6. If a Standalone (i.e. algorithm only without human-in-the loop performance) was done

This device is a standalone diagnostic test. It functions as an "algorithm only" in the sense that the assay procedure and subsequent optical density (OD) readings lead to a quantitative value or a positive/negative determination based on a defined cutoff. The performance studies described (precision, LoD, cross-reactivity, method comparison) are reflections of its standalone performance. There isn't a "human-in-the-loop" component in interpreting the EIA's direct output beyond standard laboratory practice of running the assay and reporting the result.

7. The Type of Ground Truth Used

The ground truth used for these studies can be categorized as:

  • Known Spiking Concentrations: For analytical sensitivity, precision, interference, high-dose hook, and freeze-thaw studies.
  • Reference Laboratory Assay Results:
    • IMMY CrAg Lateral Flow Assay (LFA): Used as the reference for ROC analysis and comparison studies against the LFA.
    • Commercial Cryptococcal Antigen EIA (Predicate Device): Used as the reference for method comparison studies to demonstrate substantial equivalence.
    • External reference assays: For confirming known states of potentially cross-reacting substances (e.g., Bio-Rad's Platelia™ Aspergillus EIA).

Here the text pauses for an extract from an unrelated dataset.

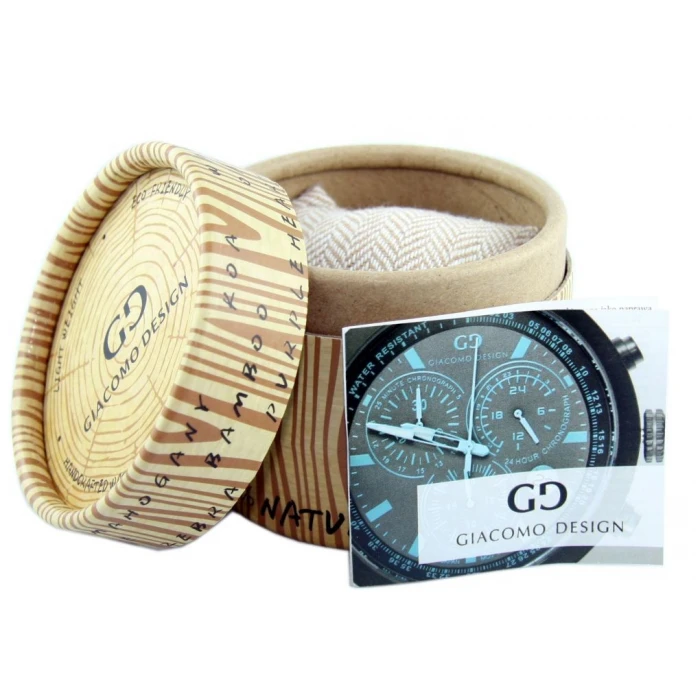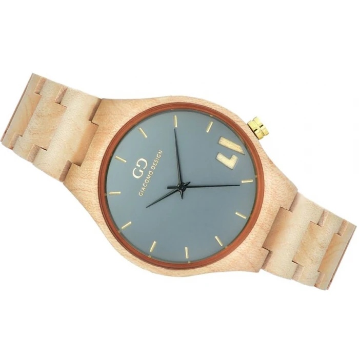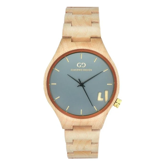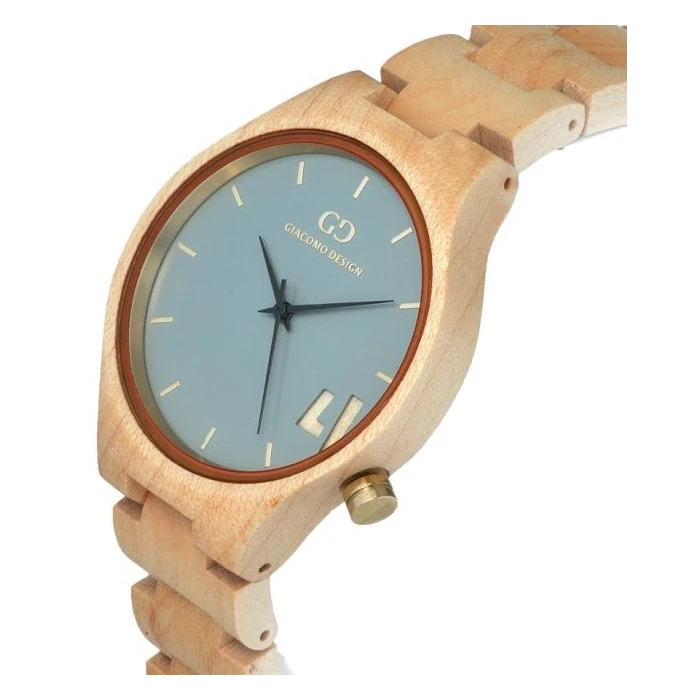 Zegarek damski Giacomo Design Eccezionali Quattro GD08402 napędzany jest za pomocą mechanizmu kwarcowego. Zarówno koperta jak i bransoleta zostały wykonane  z drewna klonowego, natomiast szarą tarczę osłania szkiełko mineralne. Przy godzinie 4 wyrzeźbiona jest designerska "czwórka".

8. The Sample Size for the Training Set

No explicit "training set" for an AI algorithm is mentioned as this is a traditional immunoassay.

However, if we interpret "training set" in the context of establishing assay parameters or a cutoff:

  • The ROC analysis to determine the cutoff (0.265 blanked OD) was performed on a dataset of 995 combined serum and CSF specimens. This dataset could be considered analogous to a "training set" for defining the assay's threshold for positivity.

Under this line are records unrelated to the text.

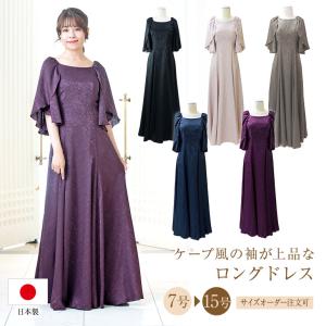 マザーズドレス 結婚式 ドレス ロングドレス フォーマル 親族 花嫁 母 薔薇柄ストレッチジャガードケープ風 ドレス 30代 40代 50代 op3643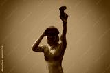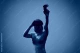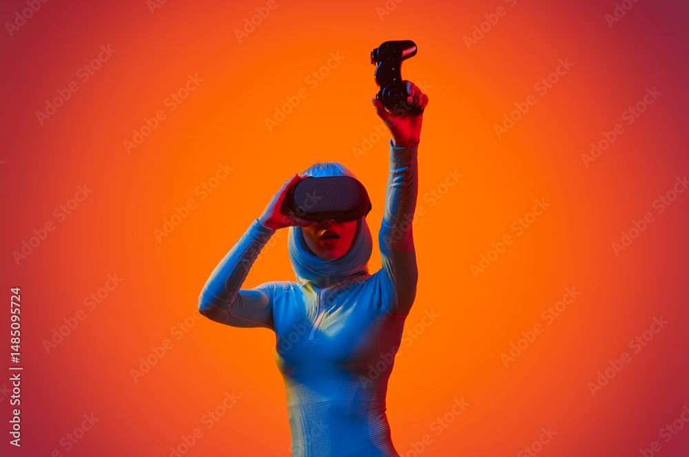 Attentive young futuristic woman in wig and VR glasses playing videogame while standing against bright orange background with gamepad in raised hand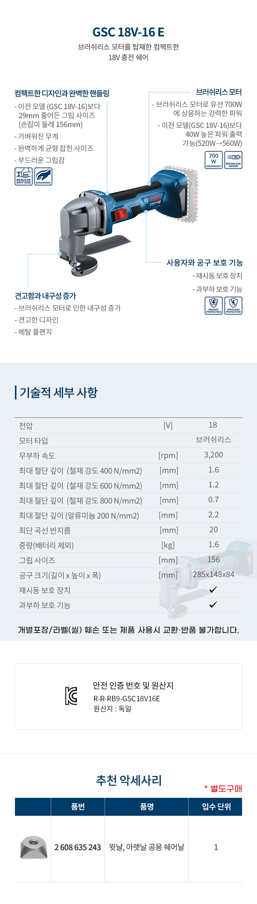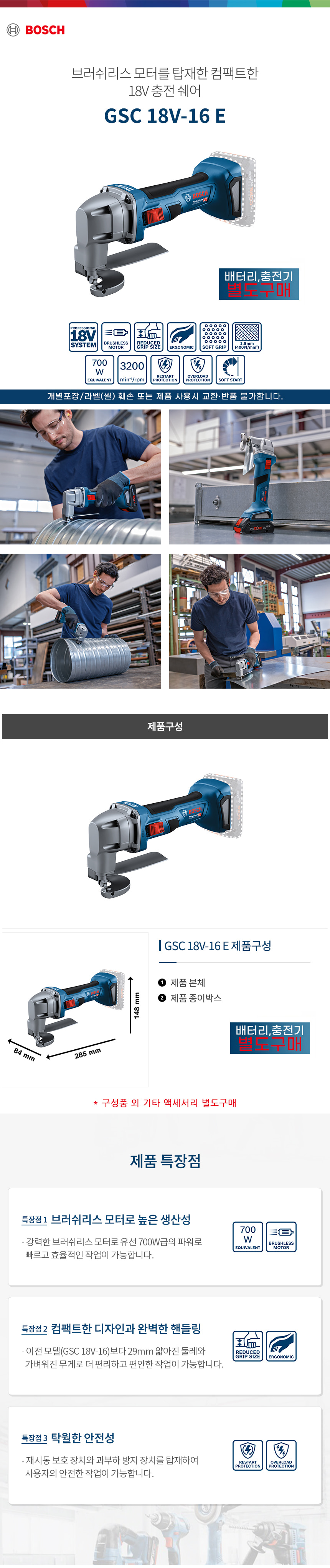 보쉬 GSC 18V-16 E 충전 쉐어 베어툴 06019263B0 금속 절단 컷팅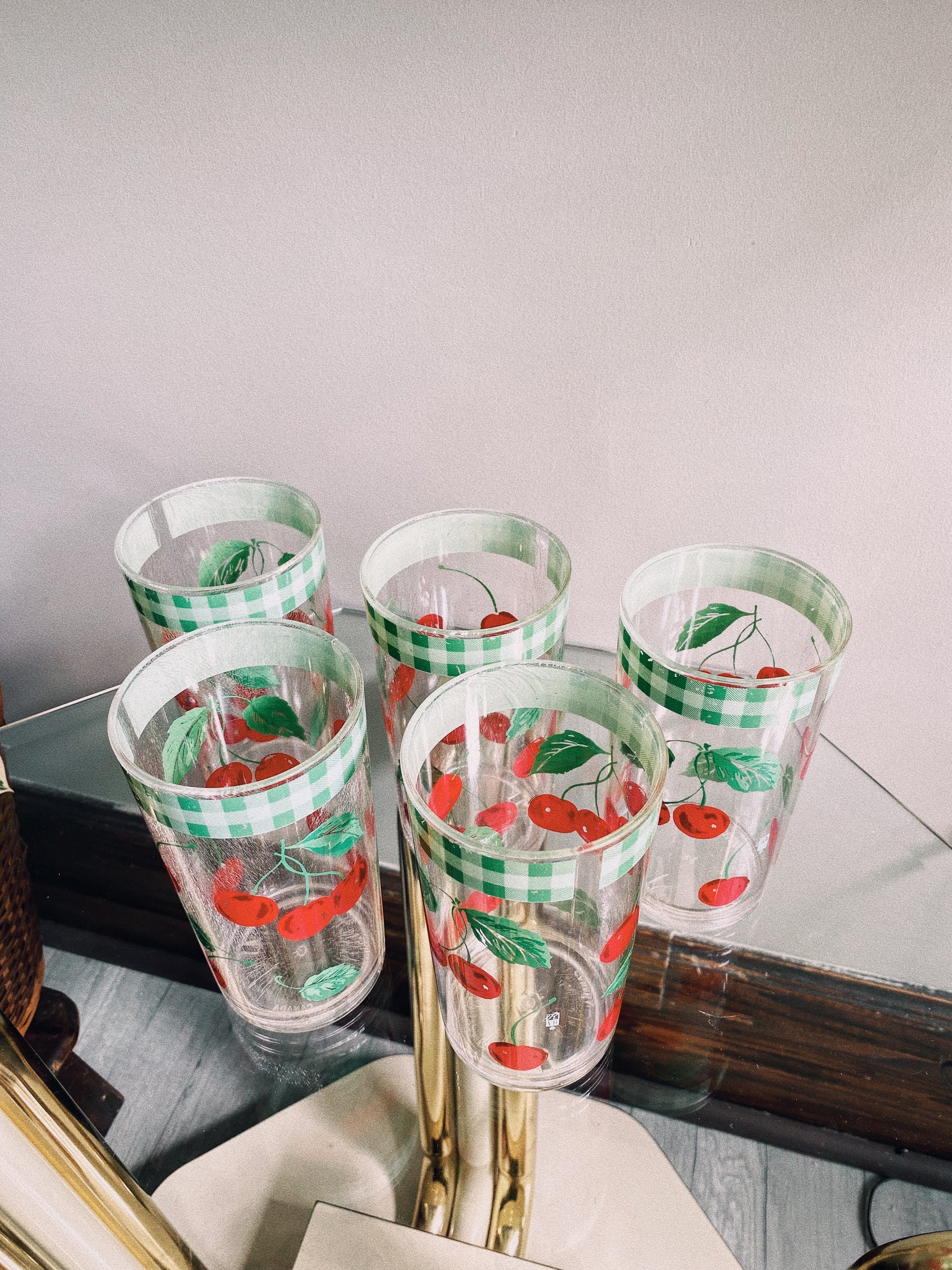 5 x vintage acrylic cherry and green gingham tumblers.

9. How the Ground Truth for the Training Set was Established

For the 995 specimens used in the ROC analysis to establish the cutoff:

  • The ground truth was established by comparing the ALPHA Cryptococcal Antigen EIA results to the IMMY CrAg Lateral Flow Assay (LFA). The LFA was used to classify a specimen as a "true positive or negative" for the purpose of matching the sensitivity and specificity of the new EIA to the LFA. This means the LFA's results were accepted as the ground truth for this particular analysis aiming for concordance.

§ 866.3165

Cryptococcus neoformans serological reagents.(a)
Identification. Cryptococcus neoformans serological reagents are devices that consist of antigens used in serological tests to identify antibodies toCryptococcus neoformans in serum. Additionally, some of these reagents consist of antisera conjugated with a fluorescent dye (immunofluorescent reagents) and are used to identifyCryptococcus neoformans directly from clinical specimens or from cultured isolates derived from clinical specimens. The identification aids in the diagnosis of cryptococcosis and provides epidemiological information on this type of disease. Cryptococcosis infections are found most often as chronic meningitis (inflammation of brain membranes) and, if not treated, are usually fatal.(b)
Classification. Class II (special controls). The device is exempt from the premarket notification procedures in subpart E of part 807 of this chapter subject to § 866.9.